Statistical methods to possibly find voter fraud

Election forensics are methods used to determine if election results are statistically normal or statistically abnormal, which can indicate electoral fraud. It uses statistical tools to determine if observed election results differ from normally occurring patterns. These tools can be relatively simple, such as looking at the frequency of integers and using 2nd-Digit Benford's law, or can be more complex and involve machine learning techniques.

==Method==
Election forensics can use various approaches. Methods include :

- Testing for correlation between vote share of a party and turnout (to detect ballot stuffing).
- Checking whether votes received for candidates, obey Benford's law.
- Checking for disproportionate presence of 0s in precinct vote totals, or of rounded numbers in vote shares.
- Deviation from statistical laws observed in election data.
- Using machine learning algorithms to detect anomalies.

==Application==
Between 1978 and 2004, a 2010 review concluded that 61% of elections examined from more than 170 countries showed some signs of election fraud, with major fraud in 27% of all examined elections. Since the early 2000s, election forensics has been used to examine the integrity of elections in various countries, including Afghanistan, Albania, Argentina, Bangladesh, Cambodia, Kenya, Libya, South Africa, Uganda, Venezuela and USA.

Election forensics tools have been used to conclude, with high probability, that vote counts have been manipulated in official elections in Russia, Ukraine, Egypt, and USA.

==Compared to other methods==
Relative to other methods of monitoring election security, such as in-person monitoring of polling places and parallel vote tabulation, election forensics has advantages and disadvantages. Election forensics is considered advantageous in that data is objective, rather than subject to interpretation. It also allows votes from all contests and localities to be systematically analyzed, with statistical conclusions about the likelihood of fraud. Disadvantages of election forensics include its inability to actually detect fraud, just data anomalies that may or may not be indicative of such. Election forensics expert Walter Mebane has noted that various election forensics methods might actually flag non-fraudulent behaviour like tactical voting as fraud. Further some experts believe that 2nd-Digit Benford's Law and other methods are useless for analyzing elections.

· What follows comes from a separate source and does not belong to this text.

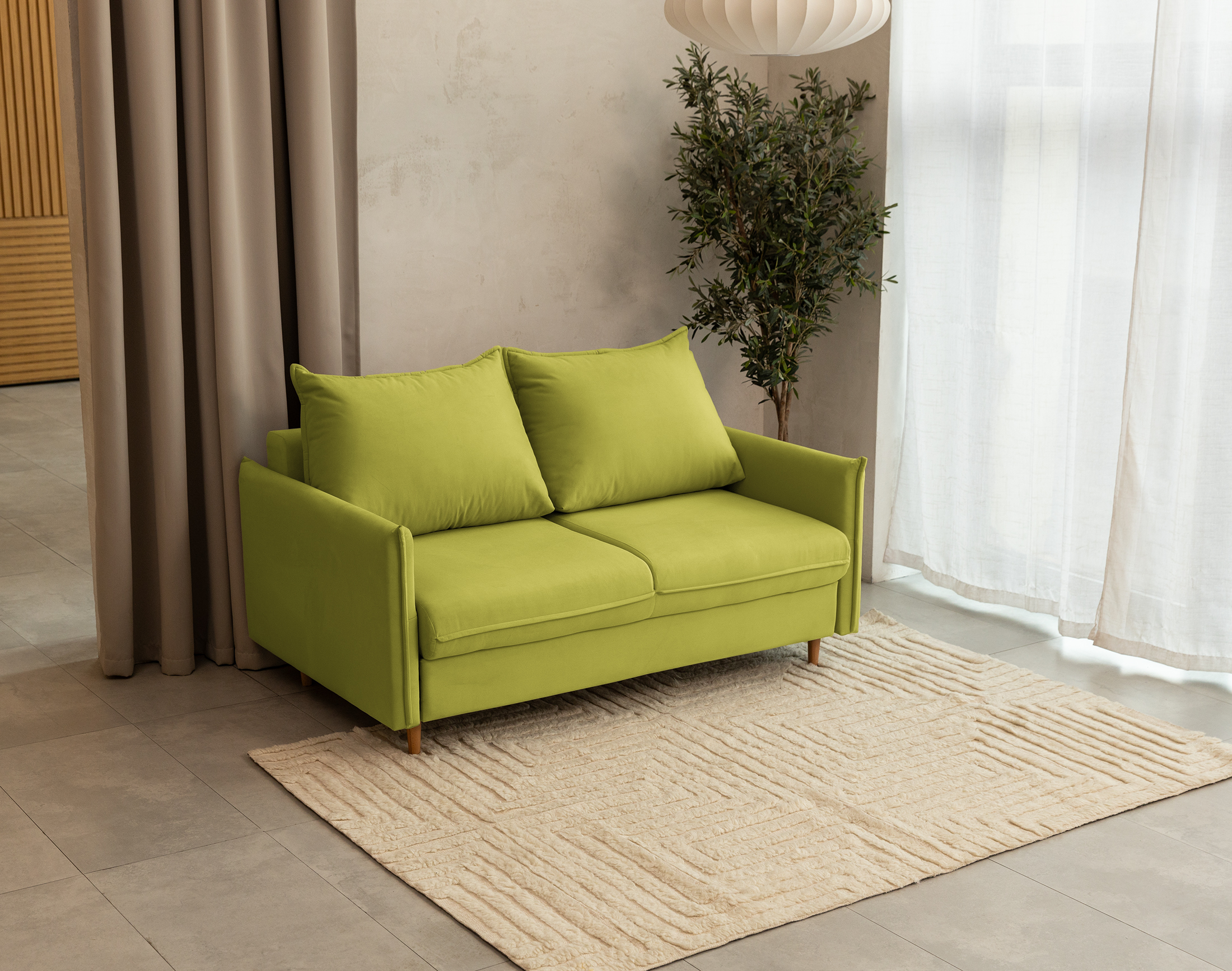 Высокие ножки дивана делают его форму легкой, максимально открывая пространство. А натуральное дерево подчеркивает естественность материалов. Кроме того, такая конструкция упрощает уборку, делая доступным напольное покрытие.

This can be addressed by combining election forensics with in-person monitoring. Another disadvantage is its complexity, requiring advanced knowledge of statistics and significant computing power. Additionally, the best results require a high level of detail, ideally comprehensive data from the polling place regarding voter turnout, vote counts for all issues and candidates, and valid ballots. Broad, national-level summaries have limited utility.